Skip the pictures and give back the rest of the listing exactly.

§ **THE DATA**:
----------

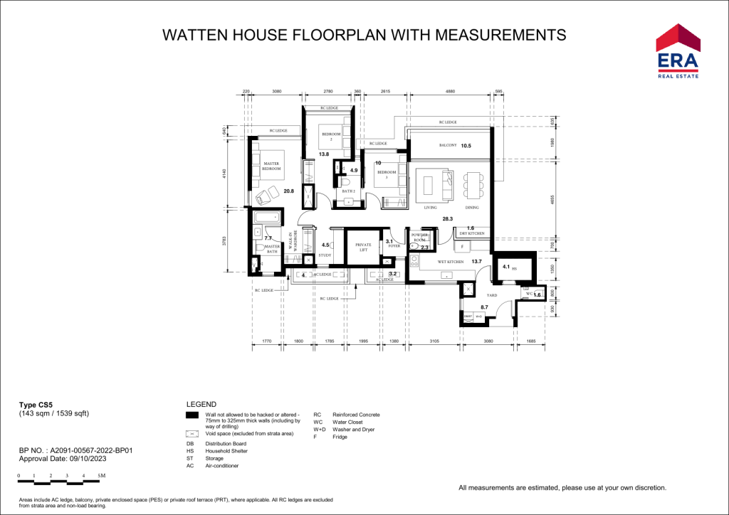 There are 13 different unit Types in Watten House. 3 Bedrooms (C1 990sqft & C2 1,163sqft), 3 Bedrom + Study (CS1 to CS6 1,539sqft), 4 Bedrooms (D1 & D2 1,851 sqft), 5 Bedrooms (E1 2368 sqft), 3 Penthouses ranging from 3,412sqft to 4,080sqft)
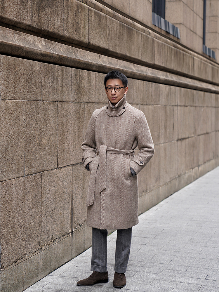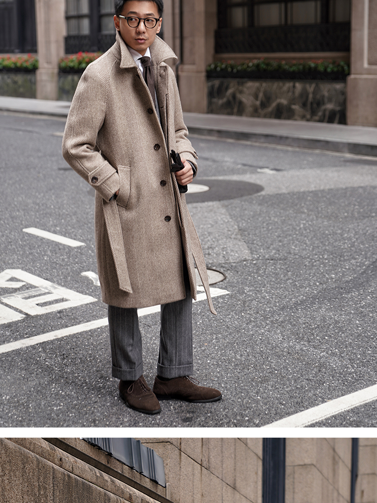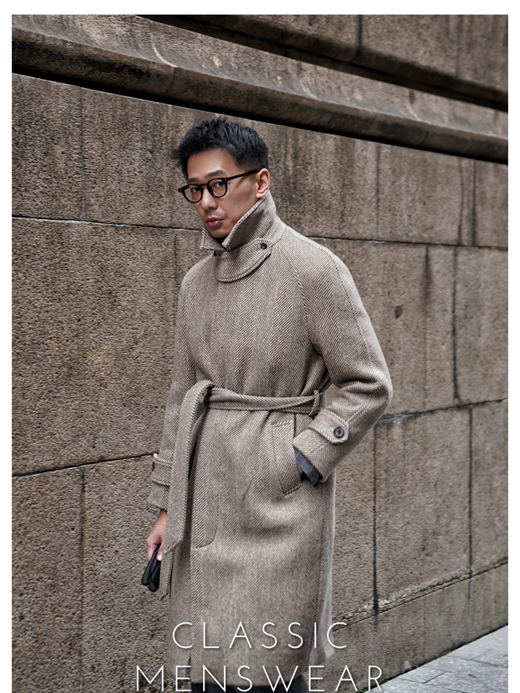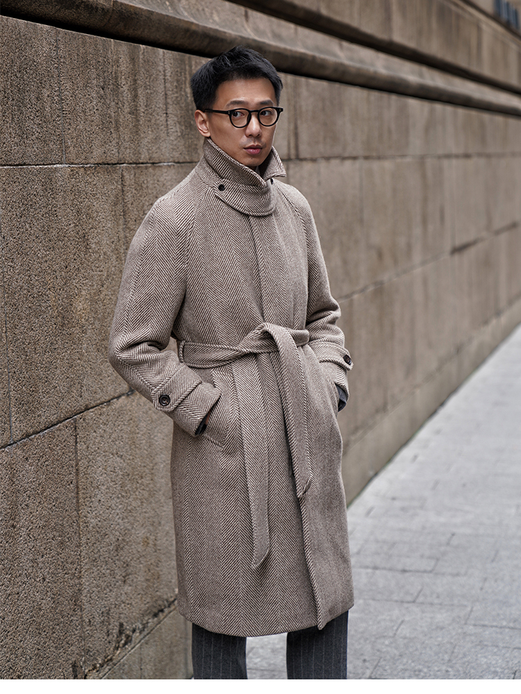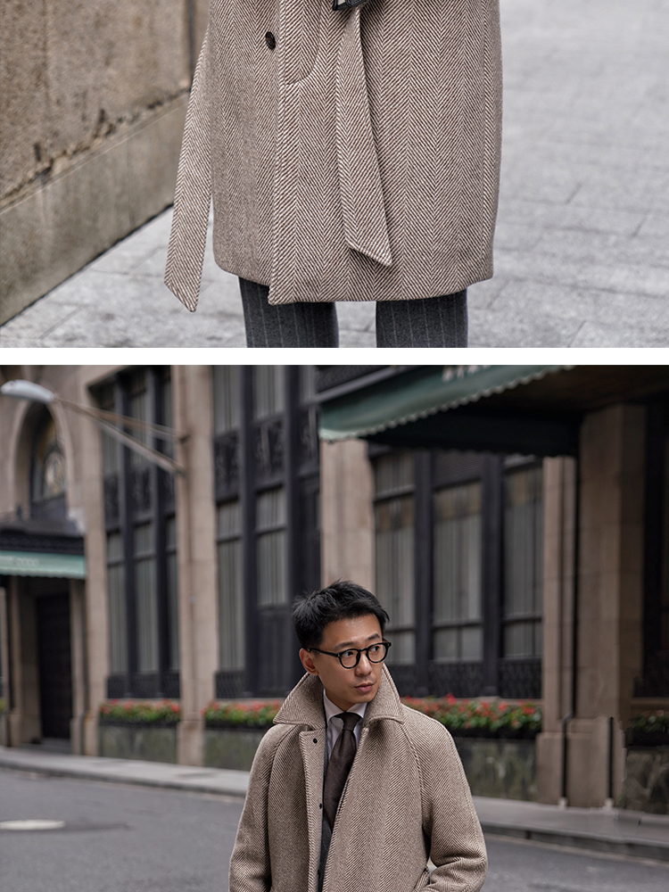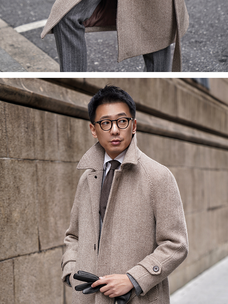 Cm Naples Queen Light Camel Herringbone Wool Alpaca Blend Balmacon Coat 251
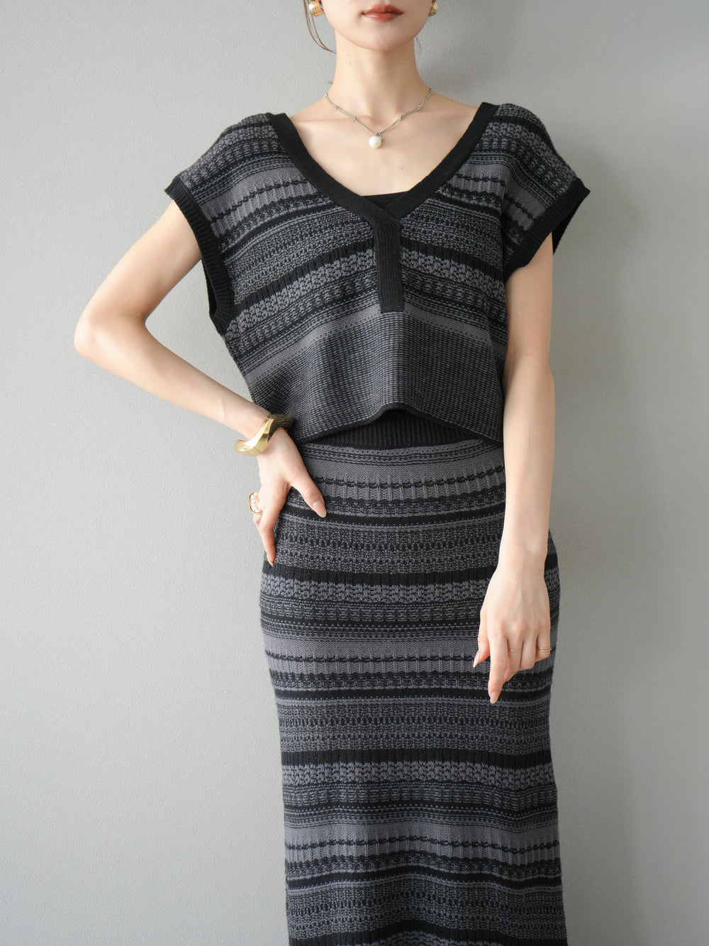 [予約]ガーター編み2WAYニットベスト/グレー×ブラック
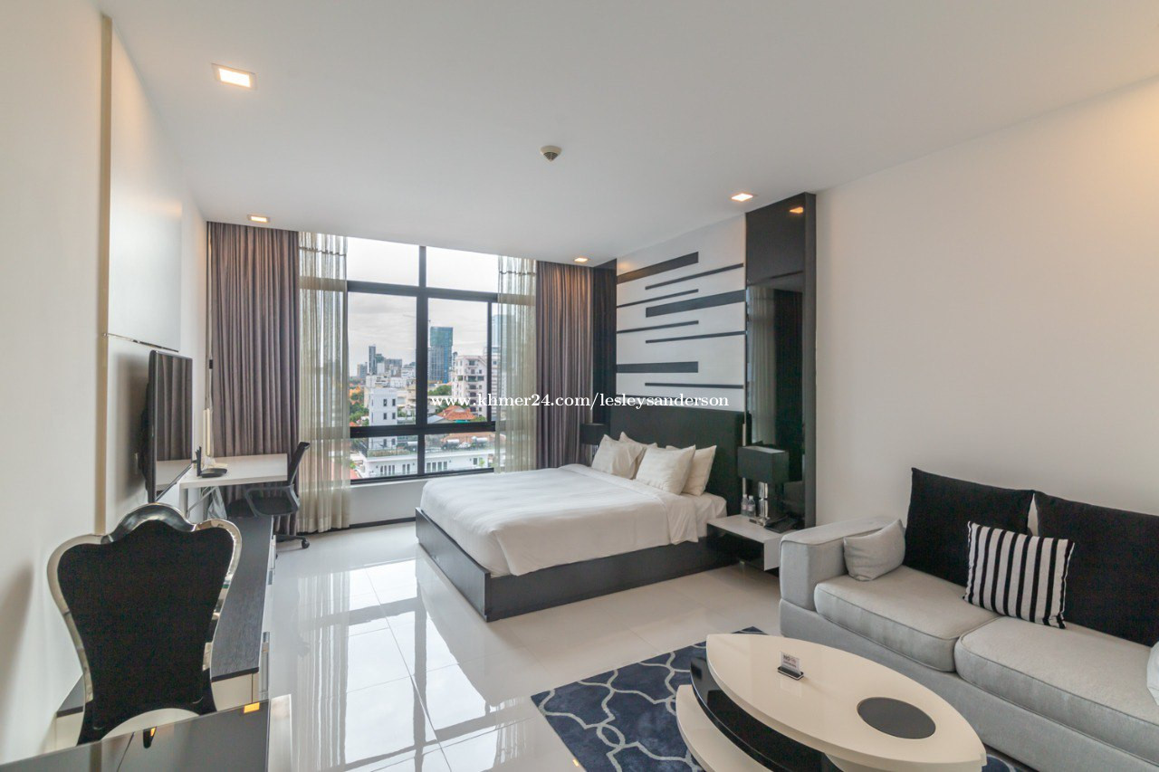 Property Detail - Unit Type: Studio, 1bathroom with bathtub -Size 50sqm - Available floor: 02nd to 10th floor -Monthly Price: $ 1,178 *Service Included: • Cable TV (1 in living room and 1 in master bedroom) • Fully equipped kitchen • Iron/ironing board • Safe deposit box • Washing machine • Dining table with chairs • Management Fee • Daily newspaper – available at the lobby • Access to fitness equipment with modern and professional gym, pool, steam and sauna • Access to kid playground. • WIFI internet • Cleaning and change linens 2 times per week • Water supply • Lift maintenance • Building maintenance * Service Excluded: • Telephone IDD • Electricity usage ($0.25 per kilowatt) • Rooftop sky bar

----------

§ **RESULT FOR THIS EXERCISE**:
 There are 13 different unit Types in Watten House. 3 Bedrooms (C1 990sqft & C2 1,163sqft), 3 Bedrom + Study (CS1 to CS6 1,539sqft), 4 Bedrooms (D1 & D2 1,851 sqft), 5 Bedrooms (E1 2368 sqft), 3 Penthouses ranging from 3,412sqft to 4,080sqft)
 Cm Naples Queen Light Camel Herringbone Wool Alpaca Blend Balmacon Coat 251
 [予約]ガーター編み2WAYニットベスト/グレー×ブラック
 Property Detail - Unit Type: Studio, 1bathroom with bathtub -Size 50sqm - Available floor: 02nd to 10th floor -Monthly Price: $ 1,178 *Service Included: • Cable TV (1 in living room and 1 in master bedroom) • Fully equipped kitchen • Iron/ironing board • Safe deposit box • Washing machine • Dining table with chairs • Management Fee • Daily newspaper – available at the lobby • Access to fitness equipment with modern and professional gym, pool, steam and sauna • Access to kid playground. • WIFI internet • Cleaning and change linens 2 times per week • Water supply • Lift maintenance • Building maintenance * Service Excluded: • Telephone IDD • Electricity usage ($0.25 per kilowatt) • Rooftop sky bar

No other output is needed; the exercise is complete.